なんなら自力で出てきてもおかしくないのに。
「あ、ダメじゃん。アイツ確か右足を──」
「おい、その辺にしとけ」
声をかけられて銀時はそちらへと振り返る。屋敷の縁側に座っている男は気だるそうに銀時たちを見ていた。
「誰だ?あれ」
「ウチの若頭、中村 京次郎じゃ。鬱蔵がまだ外にいる頃兄のように慕っていたやつよ。鬱蔵の事はこのわしより詳しい」
「おじき、いい大人が揃いも揃って子供にからかわれてりゃ世話ないのぅ」
「わしは息子と正面から向き合うと決めた」
「もう遅いさ。鬱蔵のことは放っておいたほうがいい。時が来れば自分から出てくるじゃろう。これ以上、鬱蔵を傷つけるな。それに中にいる男もすぐに出されるじゃろ」
いや、できることならあの扉ぶっ壊して今すぐにでも返してほしいくらいなんですけども。じゃないと大変なことになるよ?と言いたい。
「これまた言われんじゃねぇか。

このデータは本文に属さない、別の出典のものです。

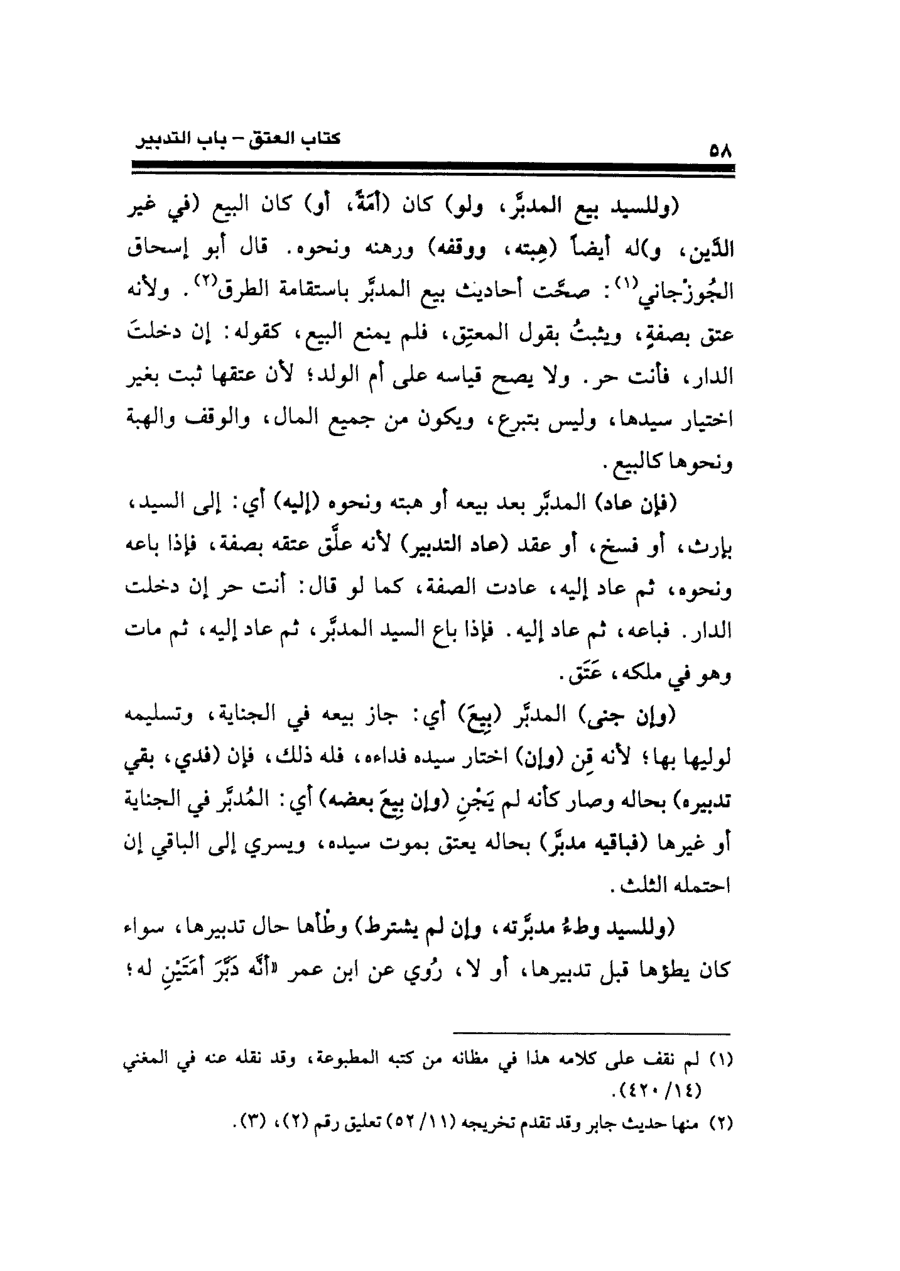 (وللسيد بيع المدبَّر، ولو) كان (أمَةً، أو) كان البيع (فِي غير الدَّين، و) له أَيضًا (هِبته، ووقفه) ورهنه ونحوه. قال أبو إسحاق الجُوزْجانيّ (¬١): صحَّت أحاديث بيع المدبَّر باستقامة الطرق (¬٢). ولأنه عتق بصفةٍ، ويثبتُ بقول المعتِق، فلم يمنع البيع، كقوله: إن دخلتَ الدار، فأنت حر. ولا يصح قياسه على أم الولد؛ لأن عتقها ثبت بغير اختيار سيدها، وليس بتبرع، ويكون من جميع المال، والوقف والهبة ونحوها كالبيع.

今回俺は後から知ったからね?最初から関わってたわけじゃないからね?」
海を振り回したと土方に怒られるのは慣れている。でも、今回は海が自分で巻き込まれに行ったのだ。その尻拭いを銀時たちが請け負っただけ。もし土方たちがここに乗り込んできたとしても怒られる筋合いはない。
また面倒なことになりそうだとため息をつこうとした銀時の後ろで依頼人がなにやら苦しそうに咳き込み始めた。胸を押えて蹲りながら咳を繰り返していると地面に鮮血が飛び散った。
周りが慌てる中、中村は冷静に依頼人を病院に連れていけと指示する。狼狽えていた強面集団は蜘蛛の子を散らすように駆け出していき、依頼人を運んで行った。
「銀さん!」
「お前たちは病院についていけ」
「銀ちゃんはどうするアルか?」
「俺か?俺は……」
親が倒れたというのに顔も出さない息子。そして息子を説得しているであろう海がいる蔵を見つめた。